Skip the pictures, and retype the data below in full, exactly.
Information provided Block Start
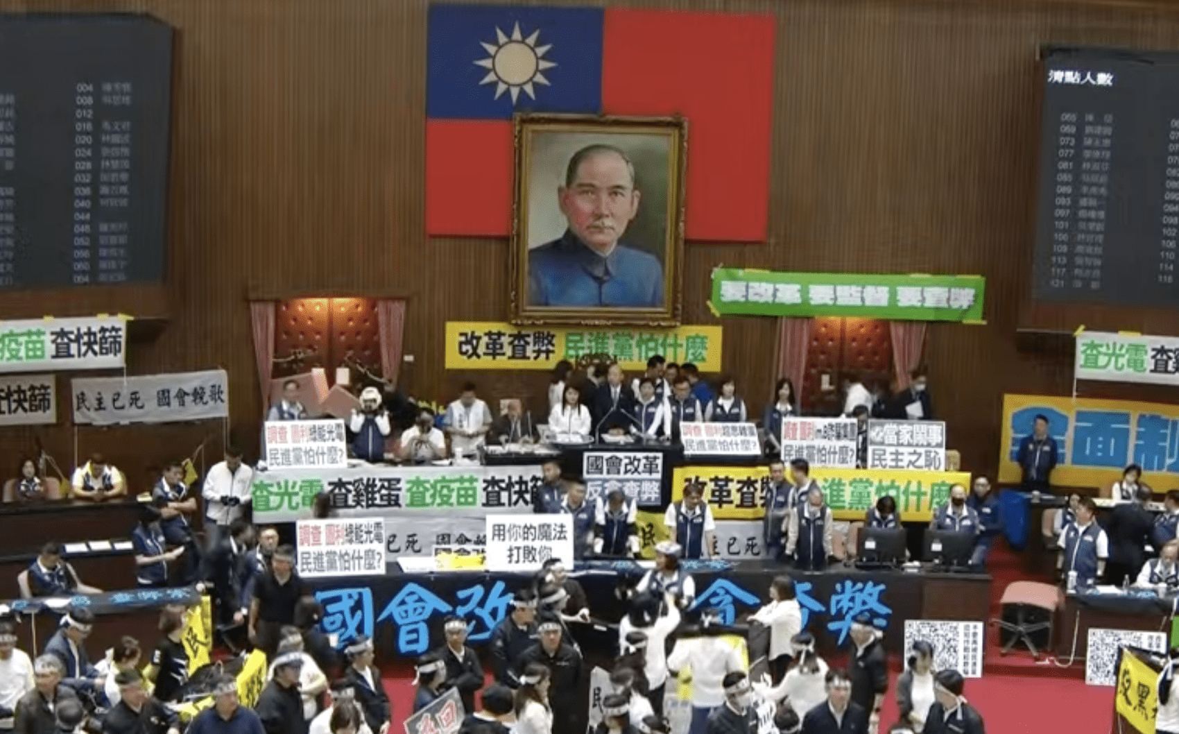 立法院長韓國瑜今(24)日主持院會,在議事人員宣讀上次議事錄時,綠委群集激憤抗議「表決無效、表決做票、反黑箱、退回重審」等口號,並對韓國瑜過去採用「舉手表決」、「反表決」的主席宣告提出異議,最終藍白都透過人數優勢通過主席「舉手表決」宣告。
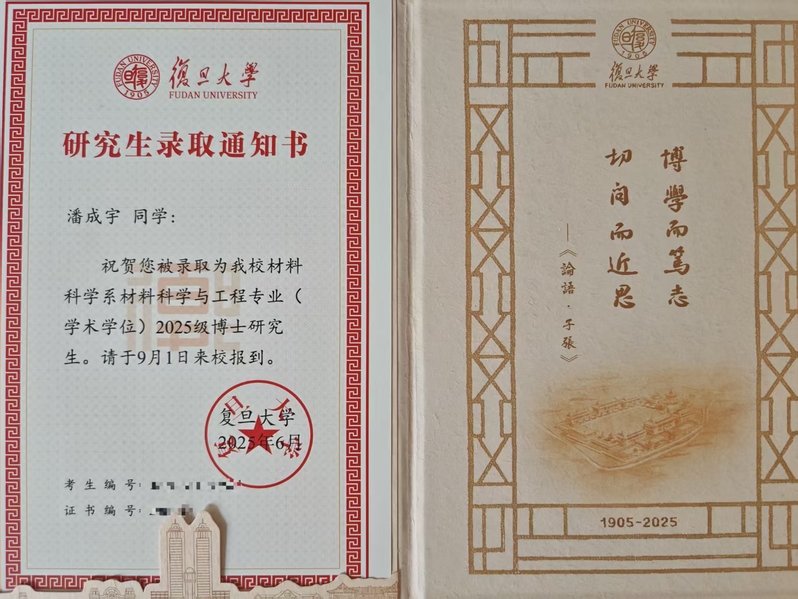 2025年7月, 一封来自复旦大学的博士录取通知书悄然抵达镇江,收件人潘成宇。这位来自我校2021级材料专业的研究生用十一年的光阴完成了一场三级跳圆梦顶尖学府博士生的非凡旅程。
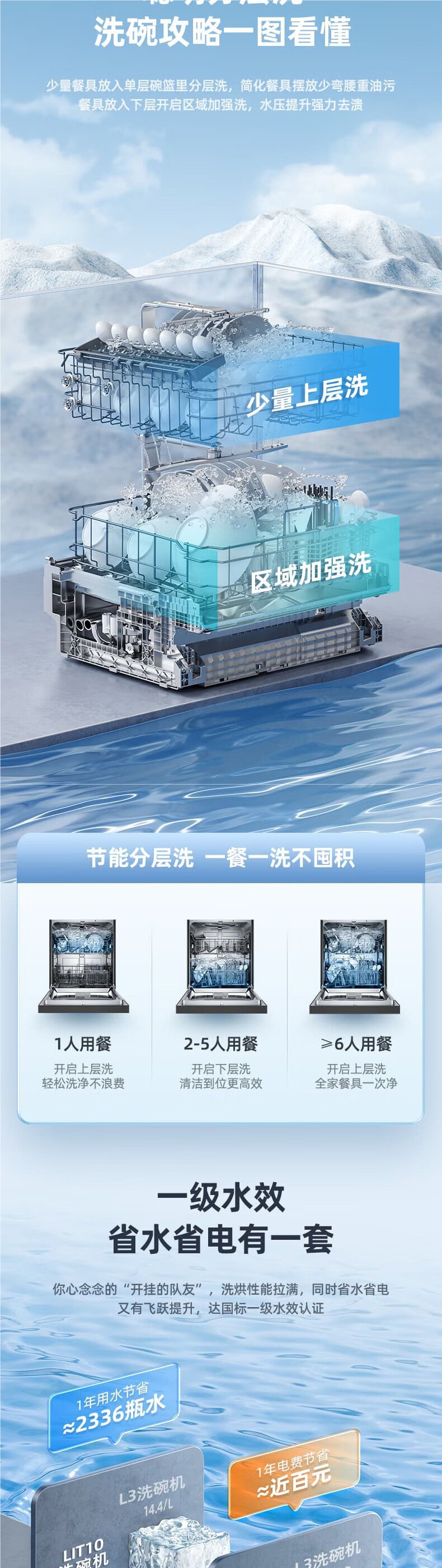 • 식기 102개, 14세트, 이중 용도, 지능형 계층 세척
Information provided Block End
> **Task response**:
 立法院長韓國瑜今(24)日主持院會,在議事人員宣讀上次議事錄時,綠委群集激憤抗議「表決無效、表決做票、反黑箱、退回重審」等口號,並對韓國瑜過去採用「舉手表決」、「反表決」的主席宣告提出異議,最終藍白都透過人數優勢通過主席「舉手表決」宣告。
 2025年7月, 一封来自复旦大学的博士录取通知书悄然抵达镇江,收件人潘成宇。这位来自我校2021级材料专业的研究生用十一年的光阴完成了一场三级跳圆梦顶尖学府博士生的非凡旅程。
 • 식기 102개, 14세트, 이중 용도, 지능형 계층 세척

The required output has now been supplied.